Integrated into the ecological consciousness of the community, IKSPs and customary laws on natural resources as practiced were as essential and relevant to the native’s daily food. Their effectiveness in conserving natural resources and protecting water and air from pollution and the plunder of natural fauna and flora in the Cordillera tribal domains and forests while the tribal elders held the reins of local governance offer a ray of hope for a country that has no land use plan, and losing much of its forest to housing, industrial and commercial uses.

Today can these old IKSPs and customary laws, while being recognized as best practices, be effectively up scaled in the regalian and modern social dynamics, governance systems and ways of the current population of the Cordillera, largely in the hands of local government units (LGUs), religious institutions, groups and associations with their causes and concerns, competing for members and followers in the villages, barangays, and townships of the region?

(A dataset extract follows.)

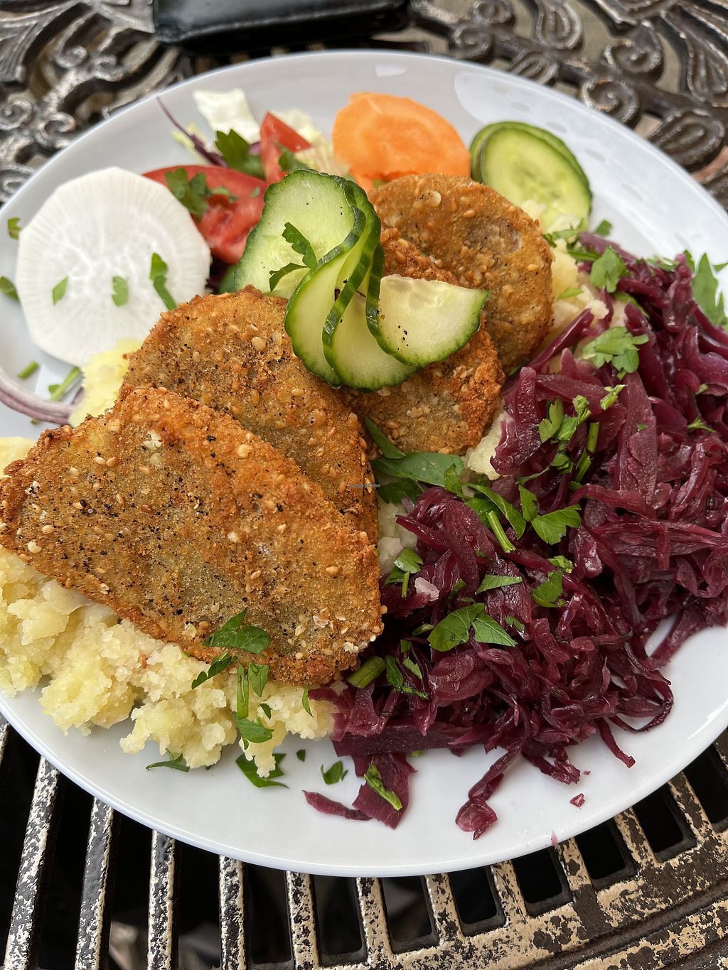 fried seitan with potatoes and side coleslaw and salad

The follow-up question is, are there people among the current generations of the tribes who are knowledgeable of their IKSPs and customary laws and capable of mainstreaming these in the current local governance and educational systems? Until then, we continue to learn and pay lip service to the IKSPs and customary laws of our ancestors or simply allow these to become myths in our modern consciousness. Still on the subject, are there really bright ideas out there?

Maybe we should ask Engineer Magwilang once more, why he documented the IP cycle of life in his village. He welcomes modernity’s best ideas, practices and rituals but he did not also wish that his being an IP in this part of the globe would be totally lost but improved instead by current stakeholders.